I’ve changed as an adult. I’ve become wiser. More sensitive. Compassionate and empathetic. And people react differently to me as I change. I try to stay away from conflict because I don’t like arguments, and some people are gifted with their words, just not in a positive manner. I try to never get into an argument in which the person will most probably outwit me with words. I’m content with myself and my decisions and I can stand up for myself. I’ve made new friends, not necessarily my age. I have friends 20 years younger and 30 years older. I’m open to the person themselves, not the person’s negative attitude or characteristic.

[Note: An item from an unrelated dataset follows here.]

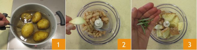 To make the cannellini bean bites, first boil the potatoes 1 for 30-40 minutes or until they are soft, checking with a fork: when it easily reaches the center of the potatoes, they are ready. In the bowl of the mixer, add the drained cannellini beans, the garlic clove 2, the stale bread, and a few rosemary needles 3.

My favorite thing is being able to do a random act of kindness. Obviously it’s random so you can’t will it to happen. But that’s the kind of thing I want my days to consist of. Good deeds, listening to people who need to vent, learning new things from new people, and helping save someone’s life when they’re in an emergency.

My new friends are more spiritual. I love that they try to see the world the way I do. Reading “Living Emunah” and saying Tehillim make my life dearer. Deeper. Tehillim is on my iPhone. All I have to do when I have free time is say a chapter of Tehillim. That’s an awesome feeling.

I watch my physical health, emotional health, and mental health. I work with a nutritionist. I made mishloach manot two weeks in advance. I get excited when I can do a mitzvah that is exciting and fun for me.

I have people who support me, for the first time in a long time. Really support me. They have my back. And I hope I have theirs. I’ve never said I love you to as many people as I have in the last year. And I truly mean it. It’s so sincere.

It’s so important to be touched. Hugs can bring comfort and love, and touch is so important.

Sometimes I’ll want to flee, hide, or cry in frustration. But it usually goes away. Life can certainly be tough sometimes. An adult learns to cope with the rough situations.

Knowing I can get comfort, from songs, podcasts, or from the people I love is the best thing.

According to the article “34 Ways You Change As You Become An Adult,” by Lexi Herrick in the Huffington Post, there are many ways to change as an adult. I’ll name a few…

  • “You don’t feel the need to gossip anymore….
  • You handle conflict directly maturely and respectfully.
  • You know how to apologize and admit fault.
  • You stop chasing the people who don’t want you….
  • You can, and do, say no….
  • You gain more patience….
  • You let go of grudges and realize how meaningless they truly are….
  • You’re braver.
  • You’re stronger ….

Adulthood is a journey into strength and self-empowerment. Being an adult means being who you are. It means experiencing and appreciating the aspects of life you learned were worth your efforts. It’s an opportunity. It’s courageousness. It’s kindness. It’s thankfulness. It’s respect. It’s knowledge. It’s life, and here you are starting to figure some of it out. So, good for you. Rejoice in the wonders of a lifetime of growth.”

Dear readers, work on becoming an adult no matter what your age, and let new people into your life. You’ll become a “new person” and be able to use your life-changing ways. If you see someone who seems to become a new friend, don’t dilly dally, make them a new friend. You never know how important this person will be in your new life.

If you want a new friend, I’m here. And hopefully new friends will open up to new friends and new ideas.

Become a new person — a new adult — and your life might change for the better.